Go to the line with "Base weapon. |" in the entries below and write out every line from there through the line with "Pada apel kali", exactly and without pictures.

╭─ DATA IN THIS EXERCISE

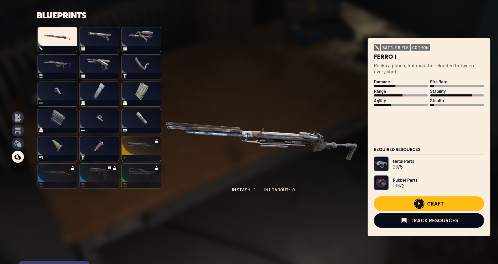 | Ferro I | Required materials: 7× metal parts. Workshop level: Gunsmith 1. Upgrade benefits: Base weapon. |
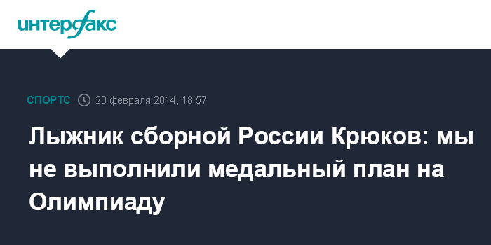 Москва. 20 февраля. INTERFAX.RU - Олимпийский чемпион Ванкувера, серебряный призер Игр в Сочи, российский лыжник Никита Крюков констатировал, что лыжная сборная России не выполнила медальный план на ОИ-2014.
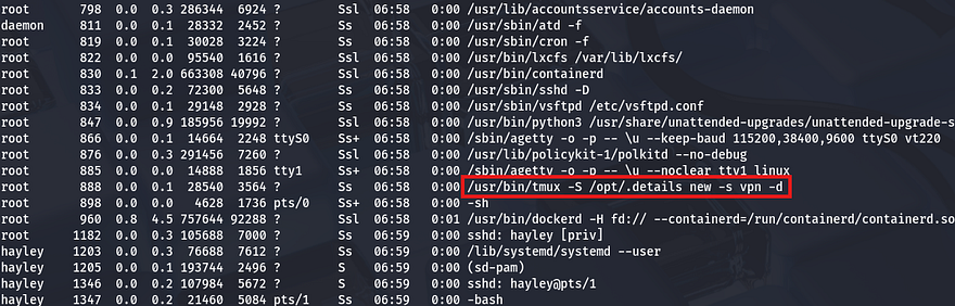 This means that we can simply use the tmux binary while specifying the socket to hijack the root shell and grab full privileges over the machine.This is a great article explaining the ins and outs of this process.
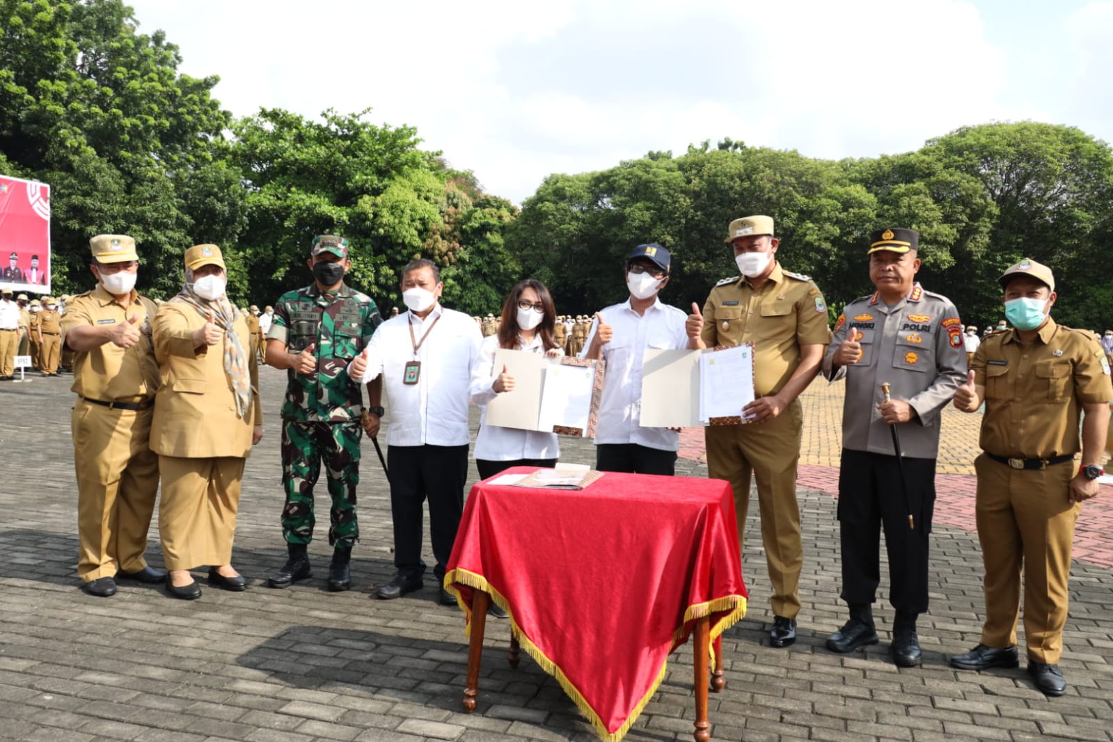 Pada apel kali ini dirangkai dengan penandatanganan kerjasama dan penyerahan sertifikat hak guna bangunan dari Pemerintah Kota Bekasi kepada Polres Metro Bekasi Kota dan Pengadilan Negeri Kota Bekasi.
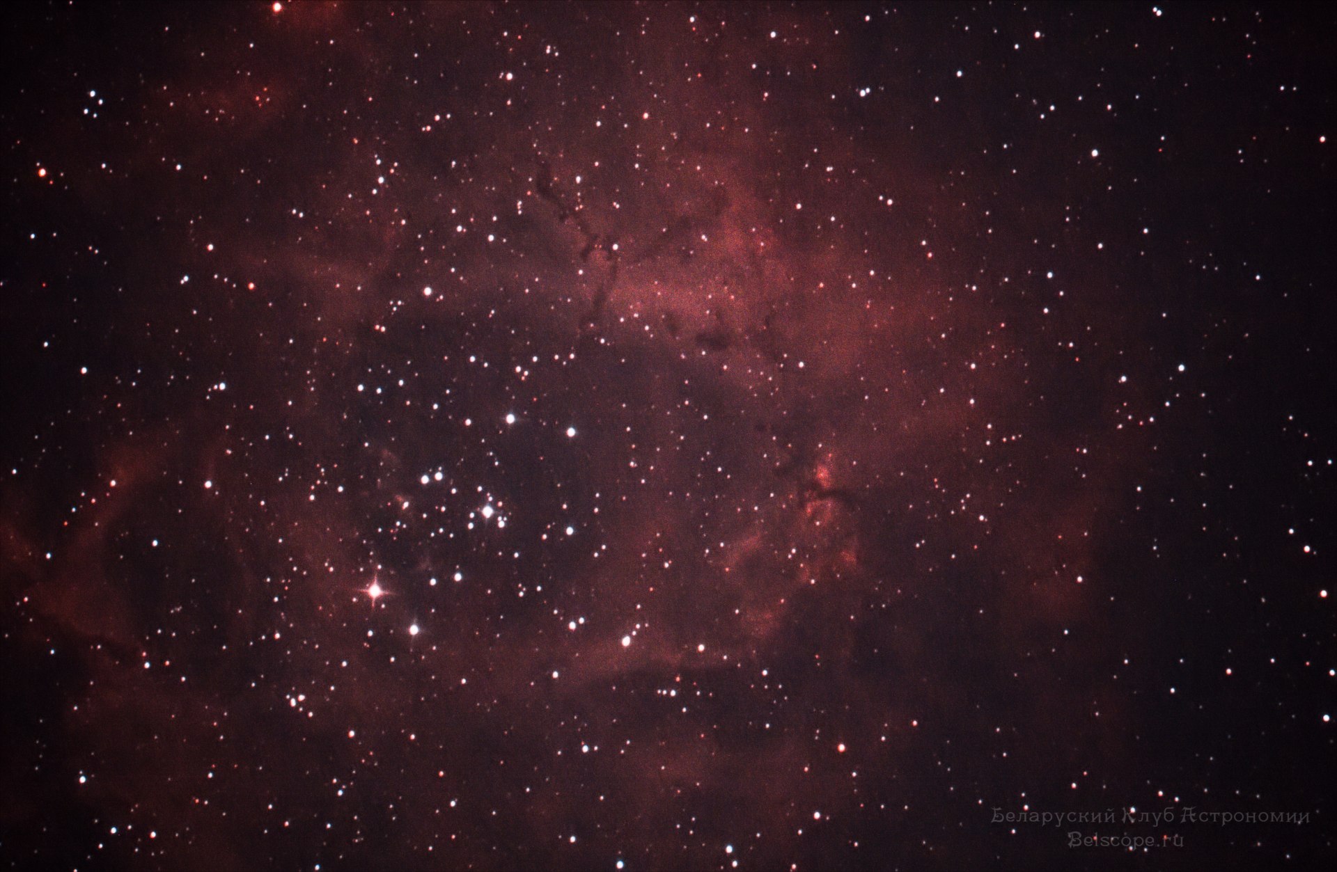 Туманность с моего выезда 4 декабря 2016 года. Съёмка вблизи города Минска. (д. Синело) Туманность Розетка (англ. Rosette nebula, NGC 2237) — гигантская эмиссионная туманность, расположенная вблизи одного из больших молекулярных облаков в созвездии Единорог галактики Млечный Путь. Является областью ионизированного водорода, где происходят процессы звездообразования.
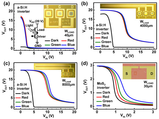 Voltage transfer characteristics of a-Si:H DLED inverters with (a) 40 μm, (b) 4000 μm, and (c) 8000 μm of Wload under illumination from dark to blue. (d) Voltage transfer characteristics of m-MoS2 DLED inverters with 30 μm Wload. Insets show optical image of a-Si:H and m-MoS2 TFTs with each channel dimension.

╰─
╭─ DATA IN THIS EXERCISE

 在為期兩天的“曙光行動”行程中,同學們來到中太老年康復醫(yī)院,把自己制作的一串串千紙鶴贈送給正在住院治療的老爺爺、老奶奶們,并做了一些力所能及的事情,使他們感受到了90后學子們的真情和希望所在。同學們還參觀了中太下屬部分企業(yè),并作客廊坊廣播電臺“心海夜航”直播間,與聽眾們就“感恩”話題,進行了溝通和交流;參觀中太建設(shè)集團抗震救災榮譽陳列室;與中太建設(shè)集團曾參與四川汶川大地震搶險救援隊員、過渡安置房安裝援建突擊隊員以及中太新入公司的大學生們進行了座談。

╰─

ANSWER TO THE PROBLEM:
 | Ferro I | Required materials: 7× metal parts. Workshop level: Gunsmith 1. Upgrade benefits: Base weapon. |
 Москва. 20 февраля. INTERFAX.RU - Олимпийский чемпион Ванкувера, серебряный призер Игр в Сочи, российский лыжник Никита Крюков констатировал, что лыжная сборная России не выполнила медальный план на ОИ-2014.
 This means that we can simply use the tmux binary while specifying the socket to hijack the root shell and grab full privileges over the machine.This is a great article explaining the ins and outs of this process.
 Pada apel kali ini dirangkai dengan penandatanganan kerjasama dan penyerahan sertifikat hak guna bangunan dari Pemerintah Kota Bekasi kepada Polres Metro Bekasi Kota dan Pengadilan Negeri Kota Bekasi.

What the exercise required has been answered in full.